Monday, May. 11, 1998
Anatomy of a Drag Queen
By Richard Zoglin
When Hedwig was still called Hansel, a sexually confused "girly boy" growing up in communist East Berlin, he used to listen to American rock 'n' roll in the only place he could find privacy: sticking his head in the family oven. Later an American serviceman arranged for a sex-change operation (a botched one, leaving just an "angry inch" of scar tissue) so the two could marry and emigrate to America. Hedwig wound up in a trailer park in Kansas, where her G.I. abandoned her. Then she met Tommy Gnosis, a rock singer whom she helped turn into a superstar, but not before he had dumped her too. Now all that's left for Hedwig is to tell her life story in a confessional cabaret show, which has become off-Broadway's latest cult hit, Hedwig and the Angry Inch.
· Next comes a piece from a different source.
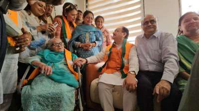 राष्ट्रीय अध्यक्ष जेपी नड्डा ने शकुंतला आर्य के घर के सामने भाजपा का झंडा फहराया

Drag performances, from the late Charles Ludlum to Lypsinka, have a long, honored tradition in Manhattan's downtown theater scene. But this is a wig of a different color. John Cameron Mitchell, who wrote the show and does a smashing turn (accompanied by a grungy back-up band) as the fictional Hedwig, avoids high camp, low sex jokes and Judy Garland impressions. True, Hedwig's stage patter has its share of double entendres ("I do love a warm hand on my entrance"), but the literate script is also a poignant meditation on loneliness, gender confusion and the Platonic notion that sex is the effort to reconnect two halves of one ideal being. All of this is embellished by 10 muscular, melodic rock songs by Stephen Trask, which combine hard-driving punk with Beatles-style lyricism for the most exciting hard-rock score written for the theater since, oh, maybe ever.
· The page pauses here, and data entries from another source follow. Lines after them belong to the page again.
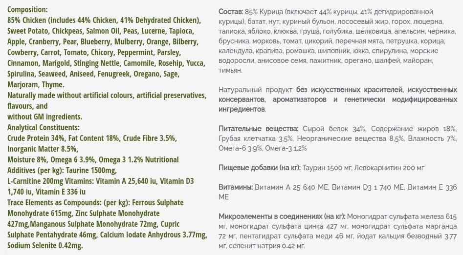 Мы очень внимательно изучили состав корма. Более того – состав мы брали на сайте производителя и сравнивали его с русским переводом на упаковке. Неточностей перевода найдено мало. Это говорит о том, что продавцы товара и производители не преувеличивают достоинств корма. Анализ состава подтверждает – это 100% холистик.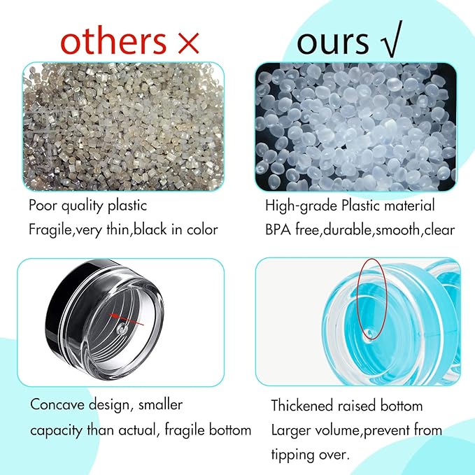 - [PREMIUM QUALITY DESIGN] These 5 gram cosmetic containers are made of high-grade polypropylene, generally do not react chemically with makeup, are resistant to breaking and warping from heat, have a tight seal, and prevent leaking. And with PS (polystyrene ) bottle body & PP (polypropylene) lid, these sample jars are thick and smooth.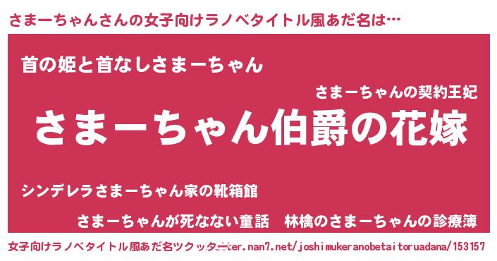 | 男性向けラノベタイトル風あだ名 | 『やはりさまーちゃんの青春ラブコメはまちがっている 』 |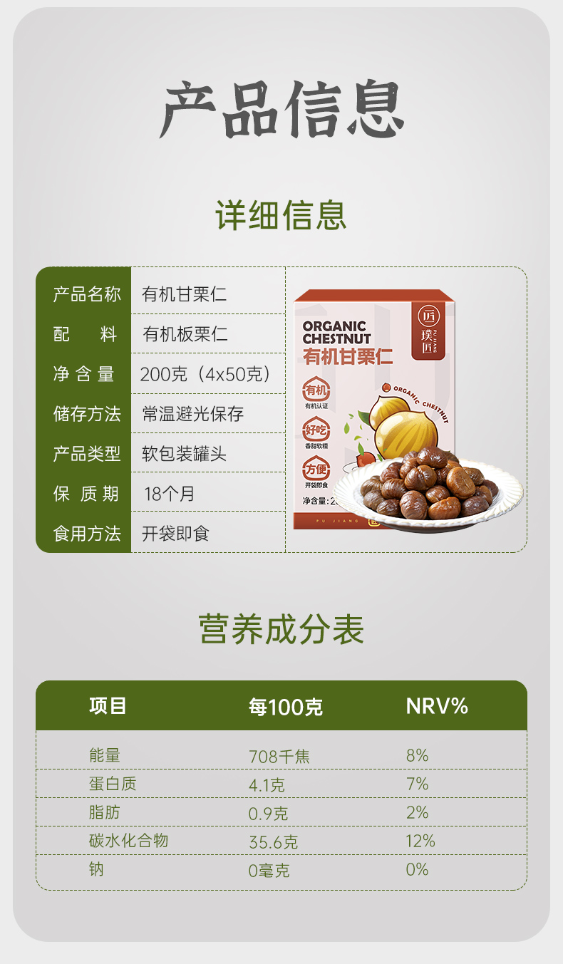 璞匠即食有机甘栗仁熟制去皮去壳软糯即食干栗子休闲零食板栗肉

Mitchell, who has acted on Broadway (The Secret Garden) and in TV sitcoms (Party Girl), had wanted to do a rock musical ever since being "annoyed" by Broadway's Tommy. "Rock on stage is always submerged, diluted," he says. "I wanted to do something that was truly rock 'n' roll and truly theater." He teamed up with Trask, the leader of a band called Cheater, and the two developed the show in a series of downtown club gigs. Mitchell even passed up a role in Rent (as the drag queen Angel) to keep at it. After searching in vain for a theater, the show landed in a renovated ballroom at the Hotel Riverview, a flophouse near the Hudson River that once sheltered the surviving crew of the Titanic.
Now Mitchell may have the Titanic of drag musicals. Since opening on Valentine's Day, Hedwig has attracted a mix of uptown theatergoers, kids from the club scene and celebrities like Goldie Hawn, Glenn Close and David Bowie. The show just won an Outer Critics Circle award for best off-Broadway musical, a concept album is in the works, and there's already talk of a movie. Couldn't happen to a nicer girly boy.